### YOUR GOAL
Beginning at the line that contains "Historic 1881 Map", reproduce the entries below exactly, ending with the line that contains "iPhone 13 Pro". Omit each picture.

[Records drawn from a dataset]
========

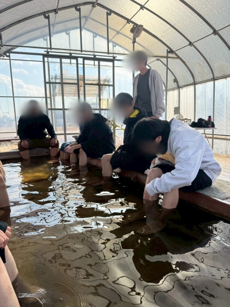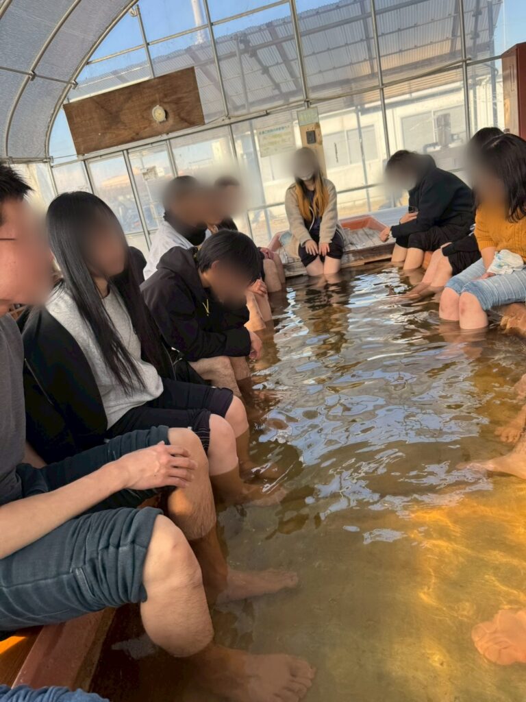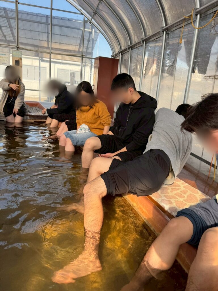 仕事行ってる生徒と学校行ってる生徒は初の足湯体験😆
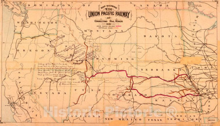 Historic 1881 Map - Map Showing The Union Pacific Railway And Connecting Rail Roads, 1881. - West (U.S.) Maps Of North America. - Vintage Wall Art
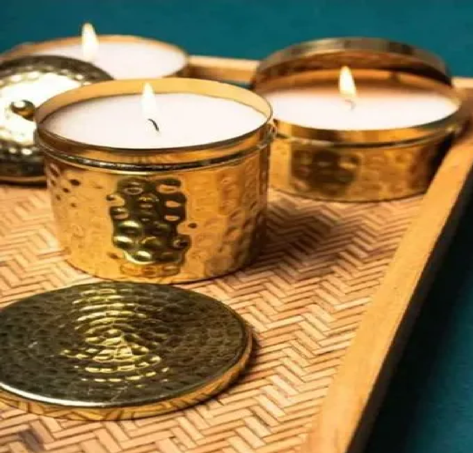 P-tal Handcrafted Vintage Brass Grooved Metal Candle Jar Direct Indian Wholesaler Copper Metal Candle Jar Holder Glass Lanterns
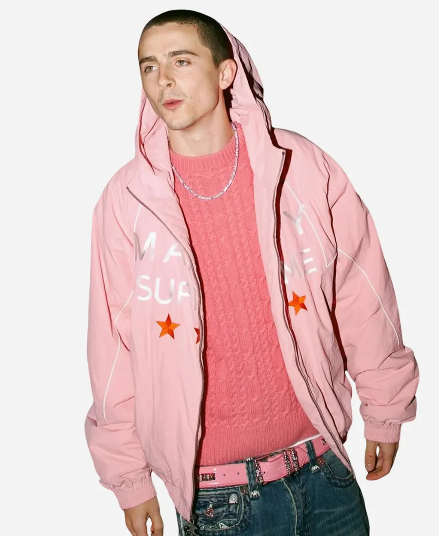 Timothée Chalamet Marty Supreme Pink Hooded Jacket – For Sale
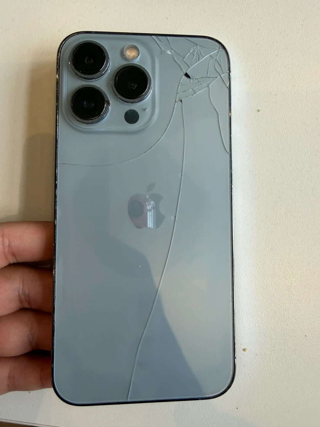 iPhone 13 Pro in Sierra Blue with cracked back glass. Battery health is at 93% maximum capacity. It's unable to verify the authenticity of the Apple battery. Some cosmetic wear is present.
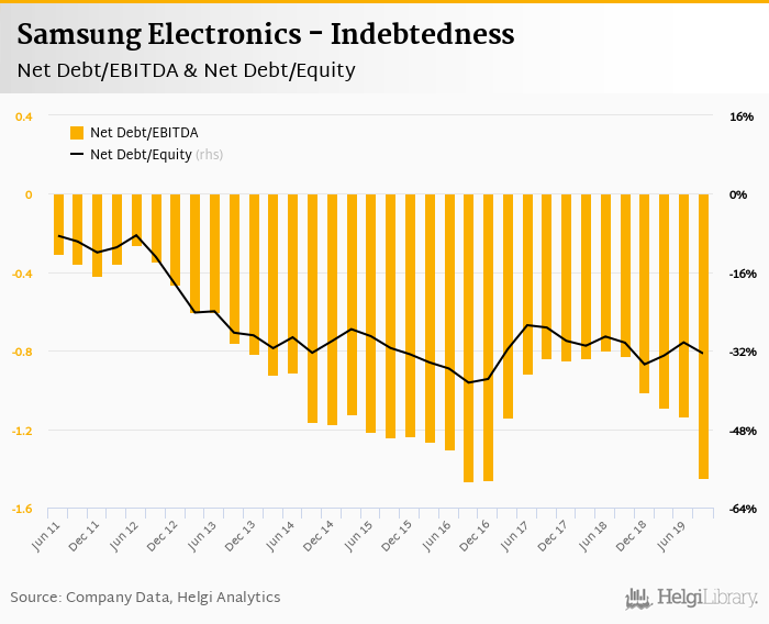 Samsung Electronics's net debt stood at KRW -85,813 bil and accounted for -32.6% of equity at the end of 3Q2019. The ratio is down 2.20 pp compared to the previous year.
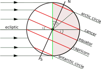 The figure shows the geometry of a cross-section of the plane perpendicular to the ecliptic and through the centres of the Earth and the Sun at the December solstice when the Sun is overhead at some point of the Tropic of Capricorn. The south polar latitudes below the Antarctic Circle are in daylight, whilst the north polar latitudes above the Arctic Circle are in night. The situation is reversed at the June solstice, when the Sun is overhead at the Tropic of Cancer. Only at latitudes in between the two tropics is it possible for the Sun to be directly overhead (at the zenith).
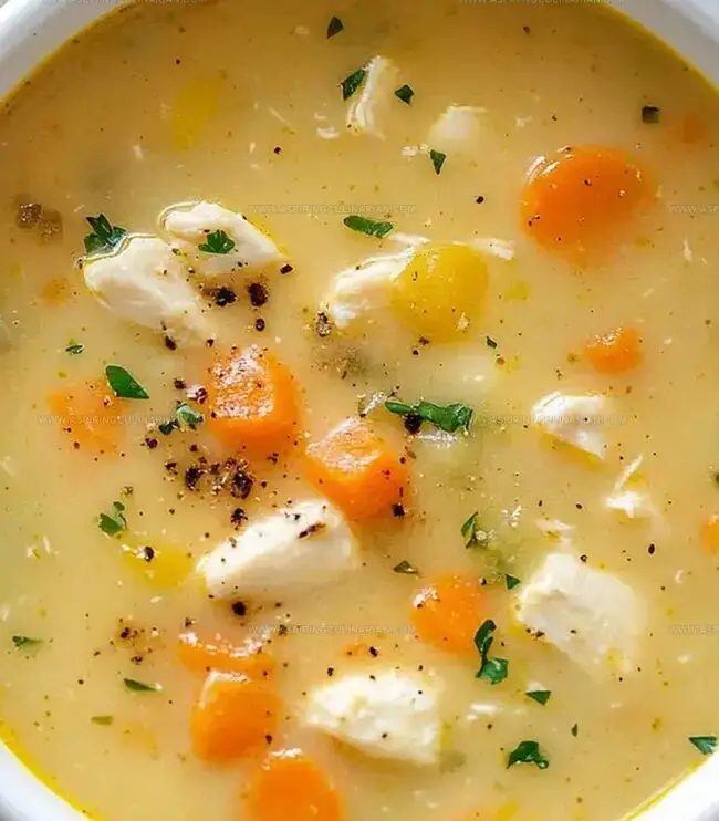 Aromatic herbs dance subtly within the rich, golden broth, enhancing the natural sweetness of carrots and earthiness of potatoes.

========

### SOLUTION BELOW
 Historic 1881 Map - Map Showing The Union Pacific Railway And Connecting Rail Roads, 1881. - West (U.S.) Maps Of North America. - Vintage Wall Art
 P-tal Handcrafted Vintage Brass Grooved Metal Candle Jar Direct Indian Wholesaler Copper Metal Candle Jar Holder Glass Lanterns
 Timothée Chalamet Marty Supreme Pink Hooded Jacket – For Sale
 iPhone 13 Pro in Sierra Blue with cracked back glass. Battery health is at 93% maximum capacity. It's unable to verify the authenticity of the Apple battery. Some cosmetic wear is present.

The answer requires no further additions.